Don’t judge us based on the sins of a few

It started just like any other ordinary day. Waking up late, lazing around, and taking a trip down the flight of stairs to locate a food court that I usually patronise during days like this.

After ordering what might seem like an odd combination of fresh soya bean and roti kahwin, I started perusing through that day’s newspaper.

Long after I started reading the paper from back to front, my eyes landed on an article so disturbing and infuriating, it rendered my brunch tasteless within seconds.

Two international students had allegedly raped a girl in Kuching.
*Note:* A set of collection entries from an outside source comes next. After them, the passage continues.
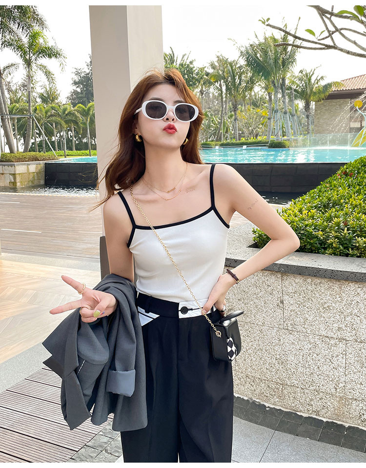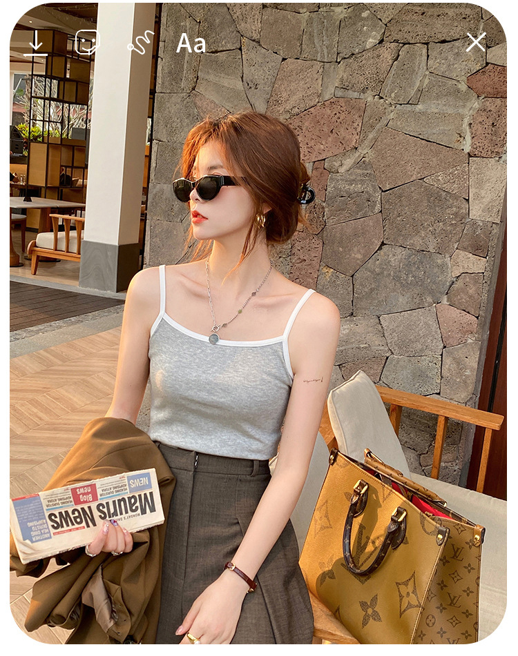 Selection of high elastic threaded temperament versatile sling vest for women's summer outer wear 2026 new pure cotton sleeveless bottoming top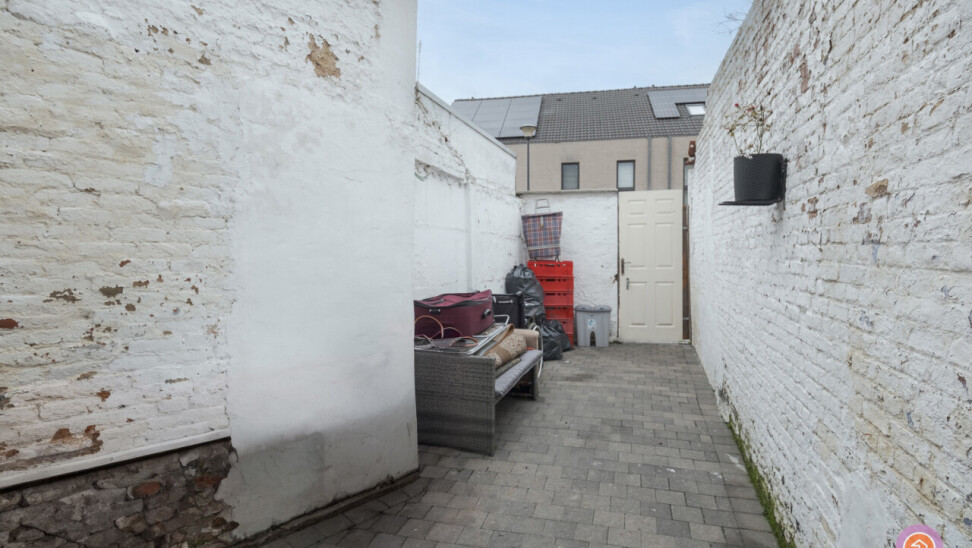 Achteraan de woning vinden we een gezellige koer terug, die een uitweg langs achter biedt.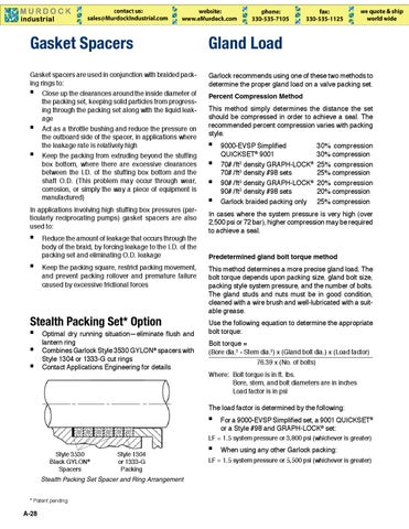 Percent Compression Method This method simply determines the distance the set should be compressed in order to achieve a seal. The recommended percent compression varies with packing style. 9000-EVSP Simplified 30% compression QUICKSET® 9001 30% compression ■ 3 ® 70# / ft density GRAPH-LOCK 25% compression 70# / ft3 density #98 sets 25% compression ■ 3 ® 90# / ft density GRAPH-LOCK 20% compression 90# / ft3 density #98 sets 20% compression ■ Garlock braided packing only 25% compression ■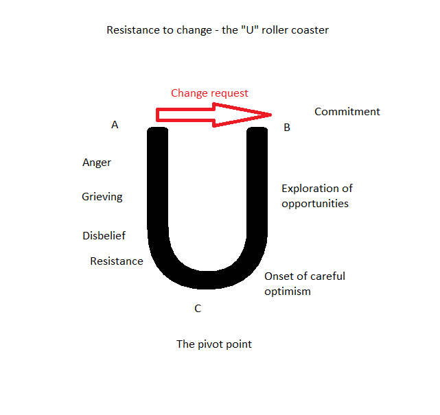 It’s that simple: You are here at “A” and you “only” need to go to “B” and voila, you are done. The concept may be simple, but it isn’t that easy though. We are humans. What most people do not consider is that change happens in a “U” shaped curve through a pivotal point “C” (as per the illustration, click on it to enlarge it).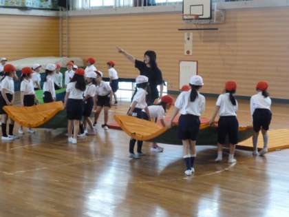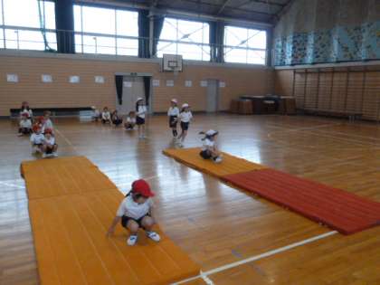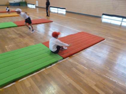 マットを使って、前回り、後ろ回りを行いました。マットの準備もみんなで行っていました。1年生で習ったことを思い出しながら、上手に回ることができました。

Immediately I thought, ‘Great, just great!’ The piece that occupied pretty much half the page of the newspaper saw me deserting my brunch to concentrate on its contents, like a smoker taking a puff.
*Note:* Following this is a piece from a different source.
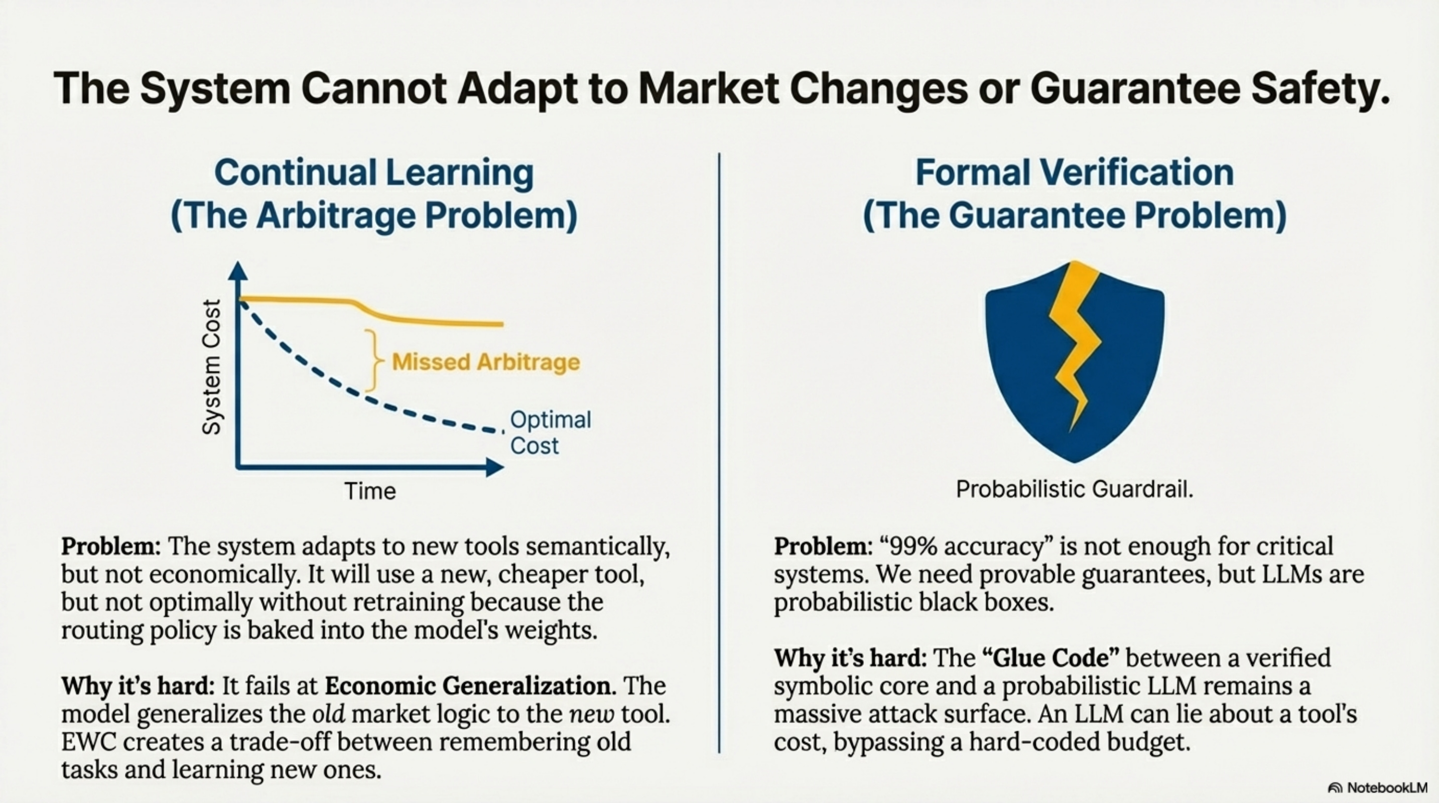 This is Semantic Generalization, and it works. However, Economic Generalization is fragile. The orchestrator learns market principles like “High-fidelity calculation is expensive.” If the market shifts and a new tool is both cheap and cheap, the learned heuristic fails. The model generalizes the old market logic to the new tool, resulting in missed arbitrage. This requires In-context adaptation via retrieval-augmented routing rather than baking preferences into weights.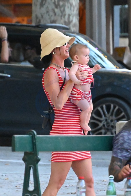 Semi-Exclusif - No Web - Katy Perry et son fiancé Orlando Bloom avec leur fille Daisy se baladent sur le port de Saint-Tropez, le 14 juillet 2024. Merci de flouter le visage des enfants avant publication Semi-Exclusive - No Web - Katy Perry and her fiancé Orlando Bloom with their daughter Daisy stroll on the port of Saint-Tropez, July 14, 2024.

It was a sad and shocking tale.

A group that mostly considers itself ostracised abroad, would I have thought refrained from atrocious acts of human unkindness and torture, but then again I guess I was wrong, wasn’t I? In one of my earlier columns, I touched on the onus that everyone has, especially when we are far away from our homes. There’s a huge responsibility on our shoulders whether we like it or not.

As an African in Kuching, my actions are not just constricted within me, but reflected upon the larger African population in Kuching, Africa and to the rest of the Africans in the world. Whether I like it or not, whether I am aware of it or not, the fact remains constant.
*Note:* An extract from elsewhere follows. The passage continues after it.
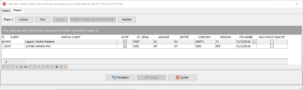 2. De tout sélectionner les clients proposés. La case "MAJ STATUT INACTIF" sera cochée. .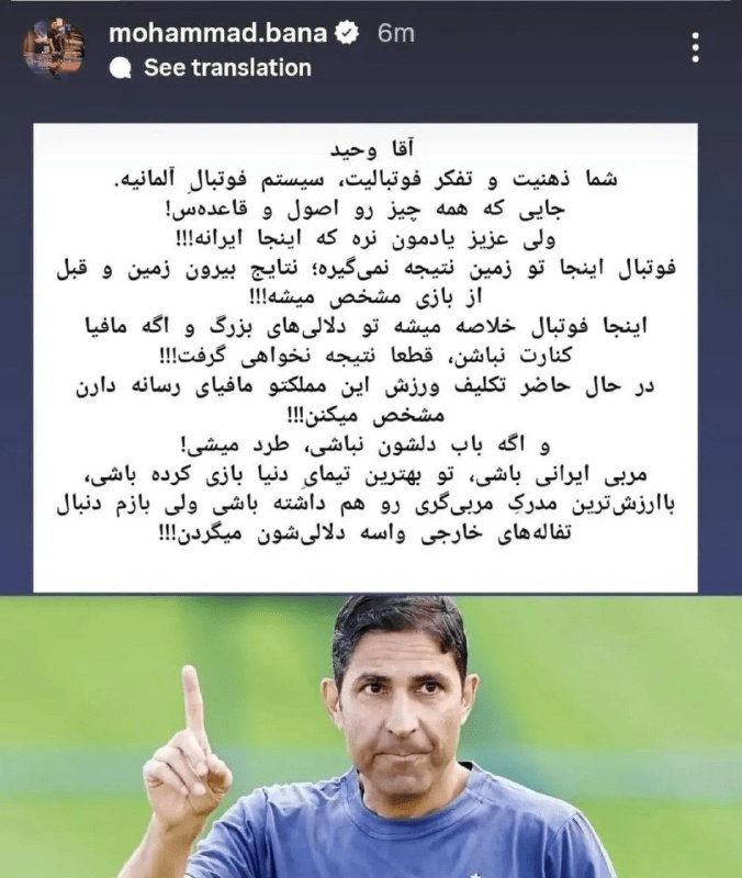 عصبانیت محمد بنا از نتایج ضعیف پرسپولیس: نتایج را مافیا رقم می زنند آقا وحید!

This simply stands because of the fact that the process of making judgement about a group of people is most often done by analysing a sample within the reach of the analyser. One mightn’t know the rest of the Africans in Africa but through me, one feels to have known them.

To illustrate this, after I finished reading the paper and passed it to the next group, a comment was made.

Though I was not eavesdropping, I was forced to overhear the comments made by this group after they had read the piece, thanks to friend sitting next to me.

A member of the group uttered disappointment at what the foreign students had allegedly done in this country.

Another added, “But this is the same thing that happens in their countries.”

The full realisation of their words after the translation by my friend left me speechless.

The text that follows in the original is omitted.